Moving Beyond Security vs. The Duty to Protect: European Asylum and Border Management Policies under Test

Written by | Tuesday, April 12th, 2016
European Values

Sharon Winblum (Istituto Affari Internazionali)

Donald Tusk declared last year that a situation, in which hundreds of people die on their way to Europe, is unacceptable. Despite of this, most of the steps that have so far been taken to solve the migration crisis have been driven by efforts to prevent the entry of migrants into the EU, rather than by efforts to protect their lives. Securing the border control and protection of migrants, however, do not have to be mutually exclusive.

The first feature determining the current conditions is access to border management. The idea that migration must be prevented has so far prevailed and therefore attention has been paid to border control. The objectives of the former naval operations have changed from providing assistance to strengthening coastal protection. In the meantime, new fences have been erected along the land borders and even between some countries in the Schengen area while elsewhere internal border controls have been reinforced. However, the expectations associated with these measures have not been met. Instead of stopping the influx of migrants, their stream has shifted and the use of smugglers’ services has increased. The externalization of border control has not brought desired outcomes either. Those interested in traveling to Europe bypass the obstacles that are designed to prevent them from entering the ‘Old Continent’. Some migrants originate from countries with which the Union collaborates in this area. And it is in these very same countries where the rights of refugees are also often violated.

The second aspect is the Union’s asylum policy. According to the Dublin mechanism, migrants are obliged to apply for asylum in the EU country in which they first arrive. For the “frontline” countries, this means a considerable burden that they can’t cope with because of their insufficient infrastructure. This leads to delays and even the housing conditions do not meet minimum standards. Migrants are therefore trying to use smugglers to get directly to other EU countries, obtain fake papers, disguise fingerprints and so on. Thus, they endanger their own safety and make it impossible for European countries to regulate and monitor migration flows. The problems are, however, not solved by providing funding to the most affected countries, by building hotspots or by means of the current controversial relocation mechanism.
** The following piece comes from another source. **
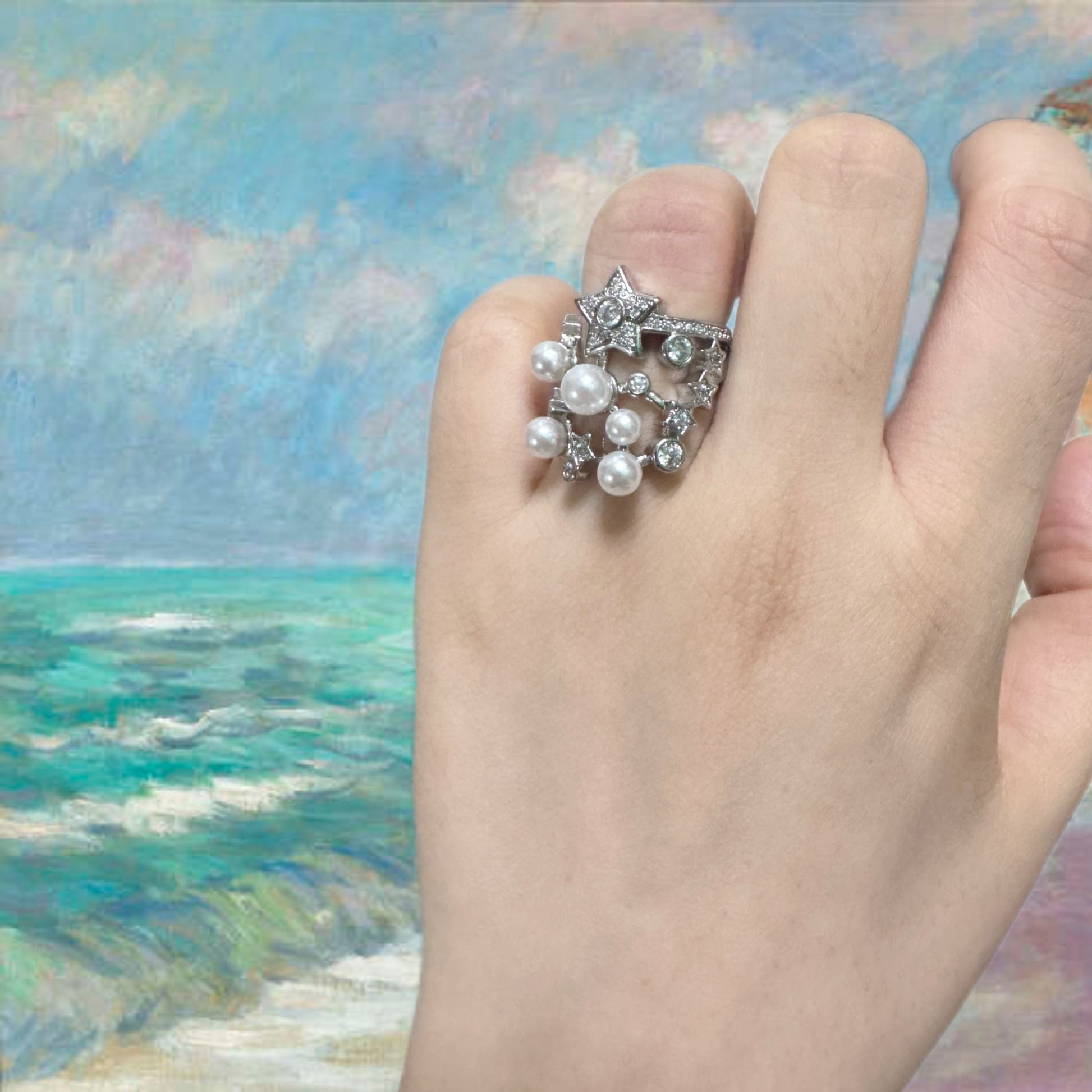 Step into the magic of the cosmos with the Cosmic Cascade Ring, a radiant piece inspired by the beauty of falling stardust. Designed to capture the brilliance of the night sky, this ring shimmers with celestial charm, making it a perfect statement piece. A must-have for dreamers and stargazers, it brings a touch of cosmic wonder to any outfit. May it guide your dreams and bring you a spark of magic every day.

Ensuring the safety of refugees can be done in three complementary ways. The first one is the opening of more legal ways to get to Europe, which would eliminate the need to seek the smugglers’ services and thus be exposed to the associated risks. A revision of the Dublin mechanism and the system of hotspots would also reduce the pressure on the border Schengen countries and spread the burden more evenly across the EU. Re-evaluation of the cooperation with third countries would thus lead to partnerships only with those states whose asylum policy and the level of respect for human rights is closer to European standards.